**** RECORD SET
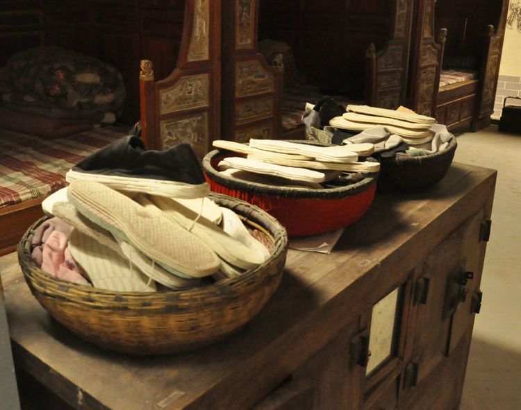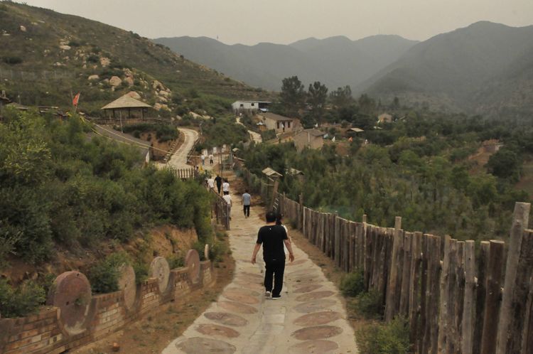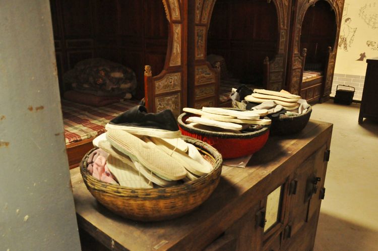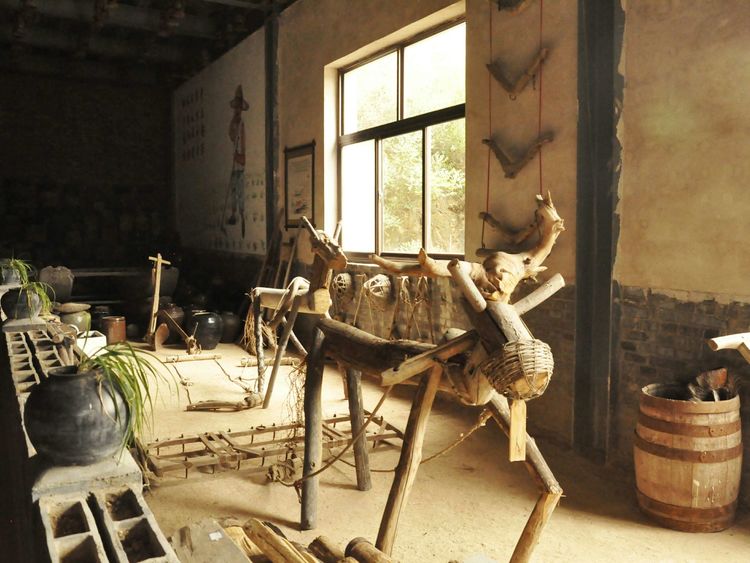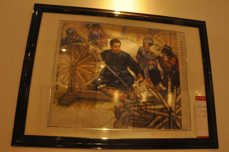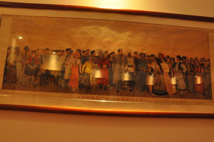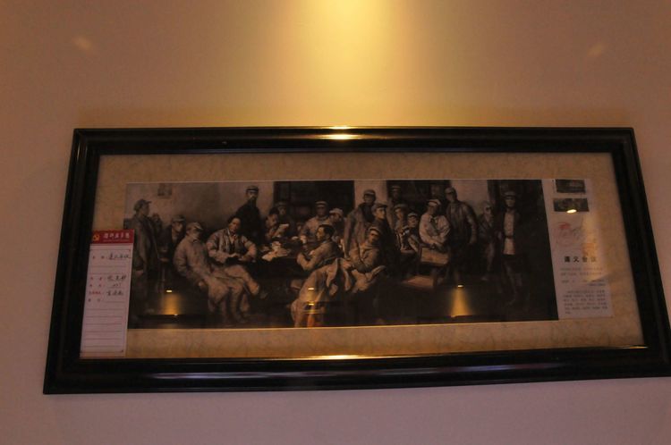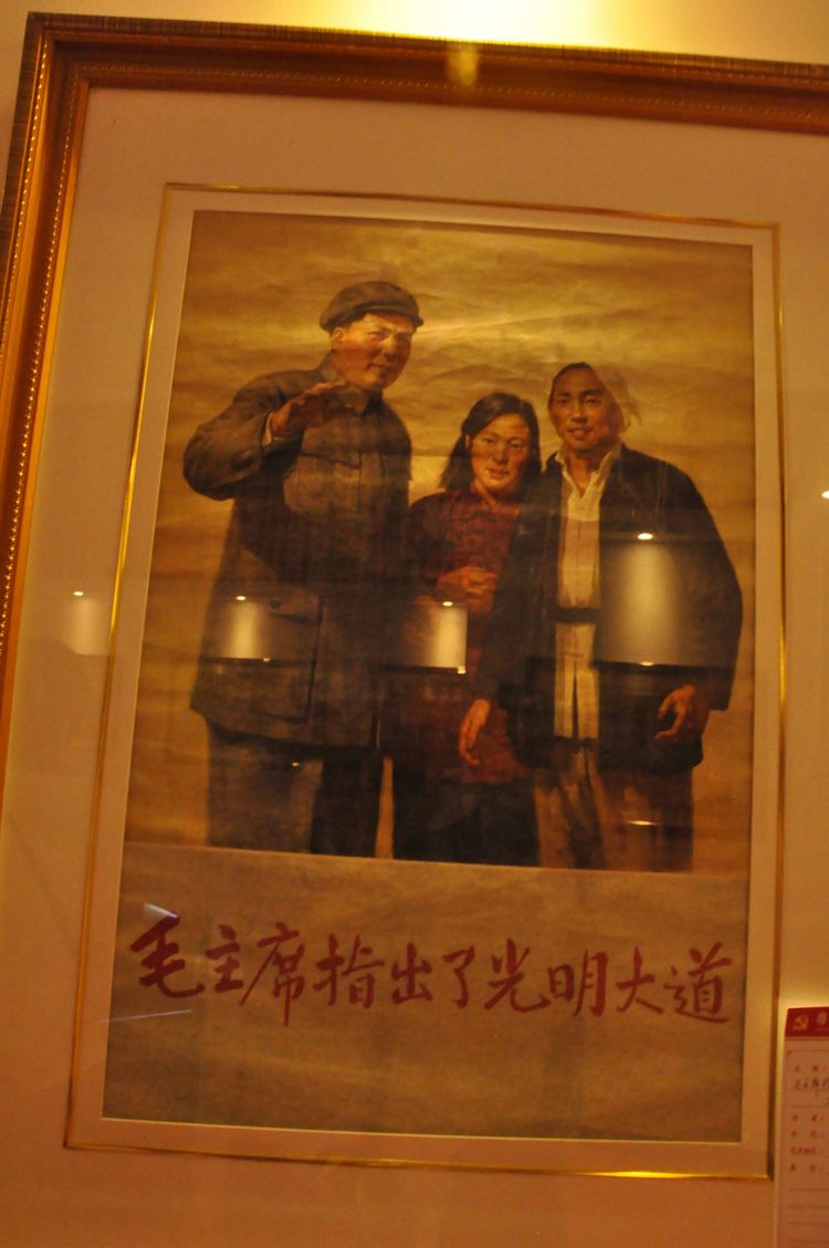 沿著山坡繼續(xù)往上,一座寬敞明亮的二層大展廳,以傳統(tǒng)的手工制作,農(nóng)耕家俱和紡織流程為主的實物展覽,以此教育宣揚,不忘初心,感恩社會,感恩父輩的孝道文化。好在天氣不十分熱,立陡的山坡,讓每個人爬得氣喘噓噓。即將爬到山頂,一座紅色教育基地,《信仰與夢想》展廳,進入了人們的視線。踏入展廳大門,正面牆上懸掛著由左向右排列的,馬克思,恩格斯,列寧,斯大林,毛澤東五位導(dǎo)師和領(lǐng)袖畫像,下面是毛主席的《為人民服務(wù)》五個大字。右面山牆上是巨幅萬里長城國畫和鮮艷的中國共產(chǎn)黨黨旗和入黨誓詞。左面牆上是一幅《南湖起航》油畫。
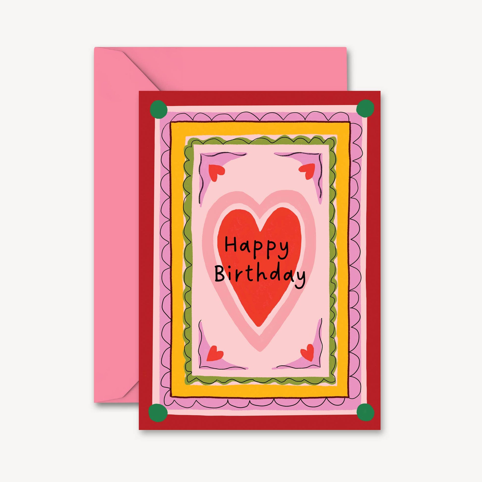 Say "Happy Birthday" with this cute and colourful card, featuring a retro-inspired heart design and a bold, patterned border. Perfect for celebrating the birthdays of your friends, mum, grandmother, sister, aunt, or anyone you want to say happy birthday to with a fun, joyful design. Designed to stand out on the shelf and bring a smile to their face.
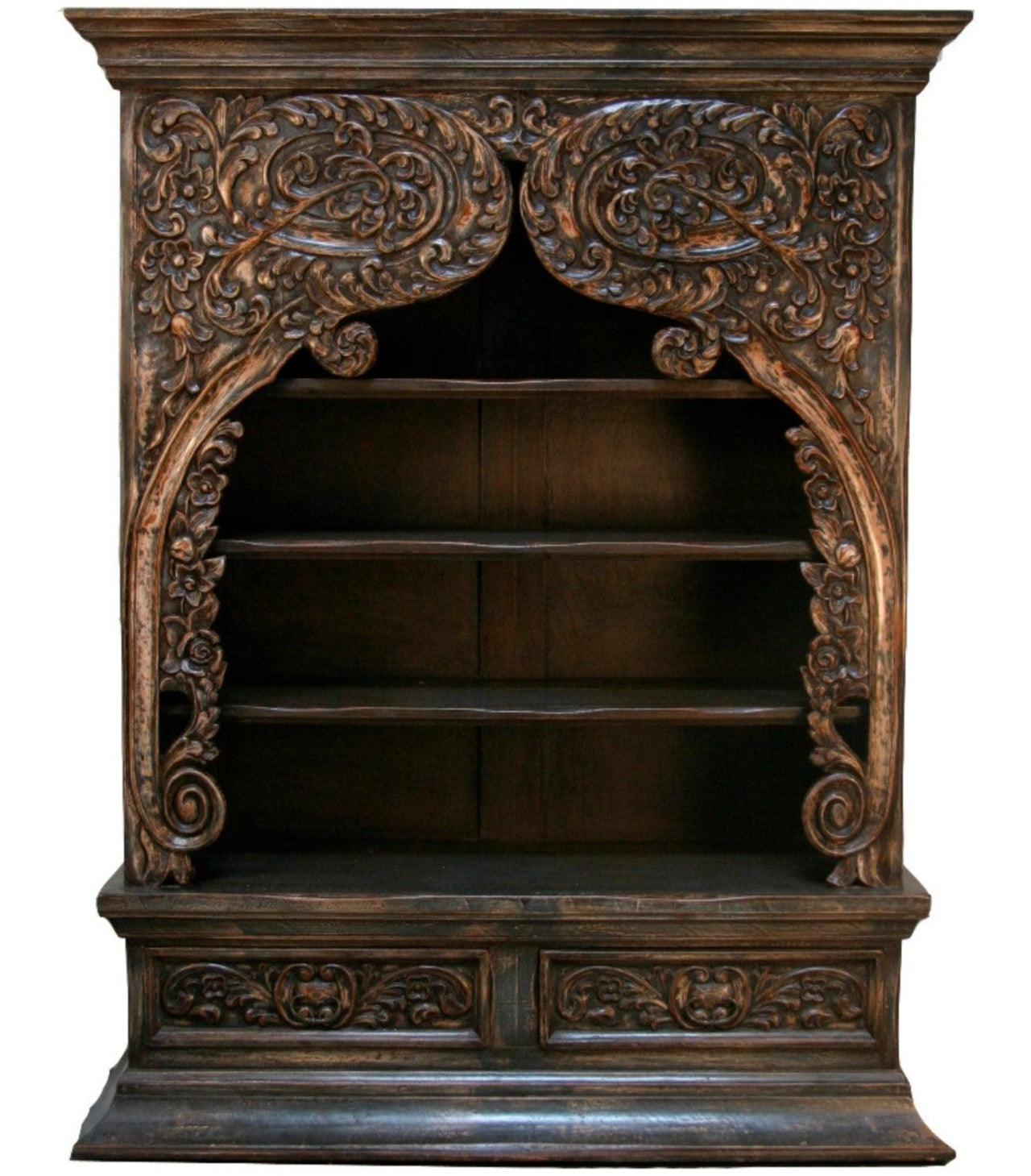 La vetrina Fleur Paradis è una vera e propria opera d'arte, con intricati intagli floreali sul frontale arcuato e sui cassetti inferiori. Questa splendida vetrina può essere utilizzata per esporre oggetti preziosi, cornici e libri. È dotata di tre ripiani e due cassetti.
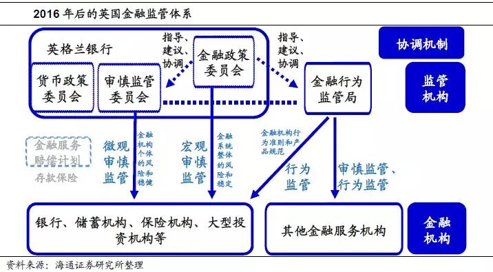16年英国再度加强了央行的审慎监管职责。英国将审慎监管局并入英格兰银行内部,并设审慎监管委员会(PRC)履行其职能。金融政策委员会是这一框架中最重要的角色,对审慎监管局和金融行为监管局均有指导、建议的权力,同时三个监管机构通过建立协调机制,加强沟通合作。而作为存款保险的金融服务赔偿计划(FSCS)则是独立于监管机构之外。
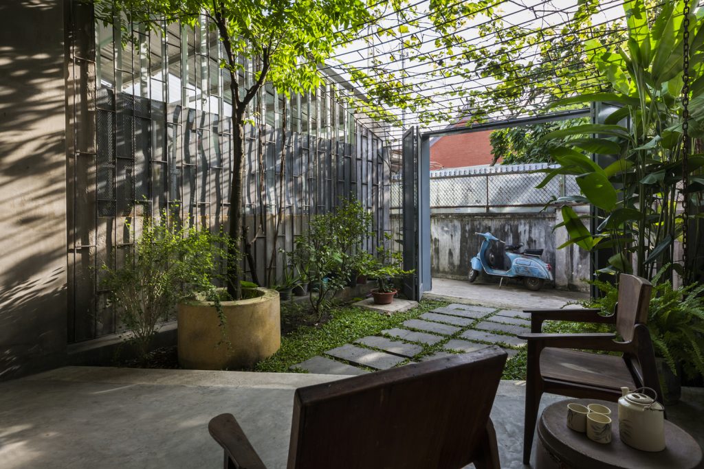 Nhóm KTS thiết kế duy nhất một cửa chính để thông vào nhà. Ngôi nhà như một sự kết nối liền mạch, không có giới hạn giữa nhà và vườn – tạo cảm giác tự do. Các kệ sắt được sử dụng như một cách định vị giữa phòng khách và hiên nhà nhưng không làm mất đi sự thông thoáng.
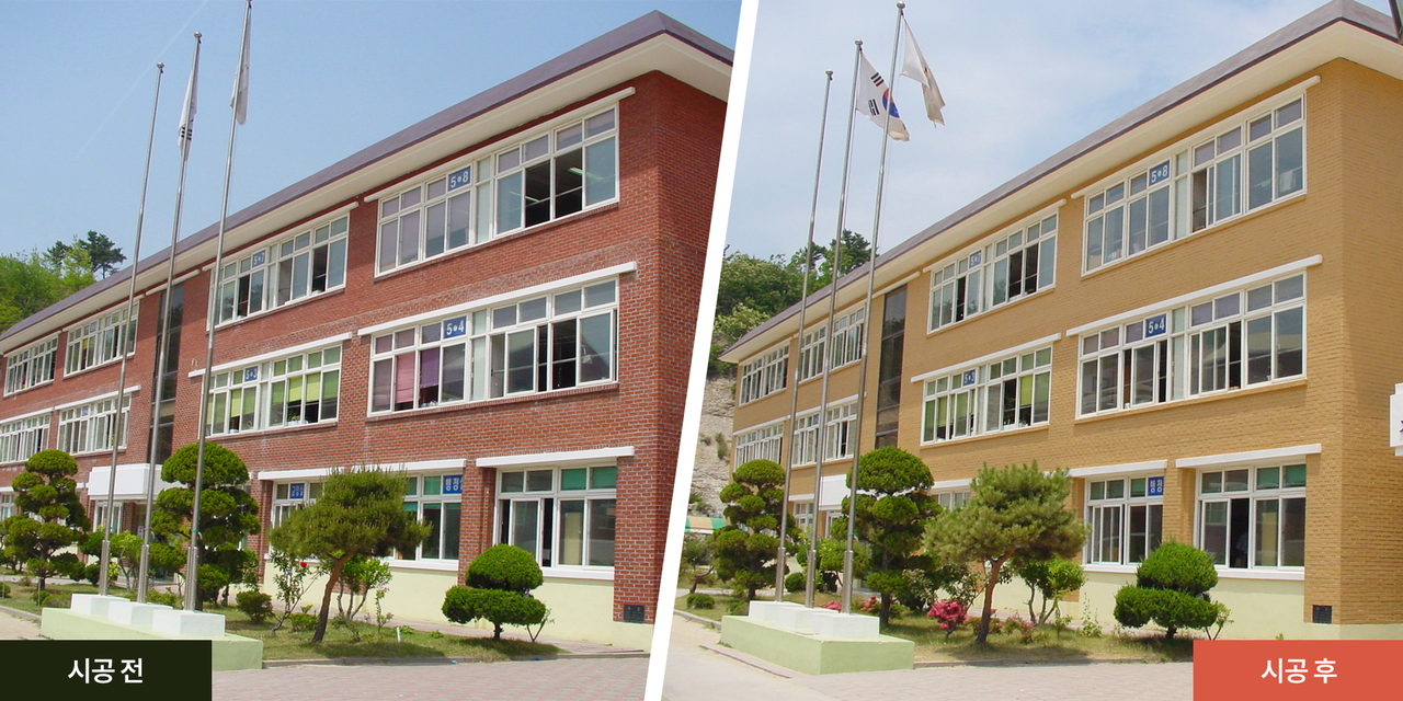 포함 전체면에 도포하여 기존의 적벽돌 건물의 외관을
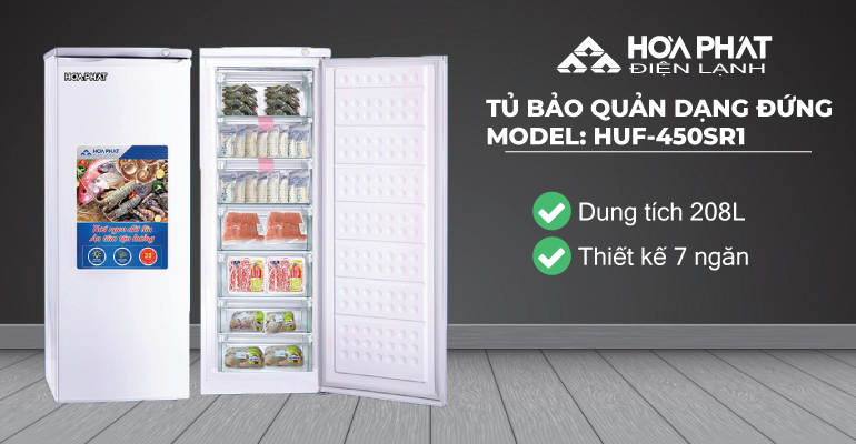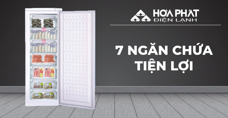 Hòa Phát tủ đứng HUF-450SR1 với thiết kế 7 ngăn riêng biệt, tiện dụng, linh hoạt giúp bạn đễ dàng phân loại thực phẩm khác nhau để không bị lẫn mùi. Ngăn đựng thực phẩm được làm bằng nhựa cao cấp, chịu lực, có độ bền cao.
********
* _WHAT THE EXERCISE ASKS_
Quote exactly, and nothing besides, the lines from the one with "포함 전체면에 도포하여 기존의 적벽돌 건물의 외관을" through the end of the records above; include both ends and omit the pictures.

* _REPLY TO THE TASK_
 포함 전체면에 도포하여 기존의 적벽돌 건물의 외관을
 Hòa Phát tủ đứng HUF-450SR1 với thiết kế 7 ngăn riêng biệt, tiện dụng, linh hoạt giúp bạn đễ dàng phân loại thực phẩm khác nhau để không bị lẫn mùi. Ngăn đựng thực phẩm được làm bằng nhựa cao cấp, chịu lực, có độ bền cao.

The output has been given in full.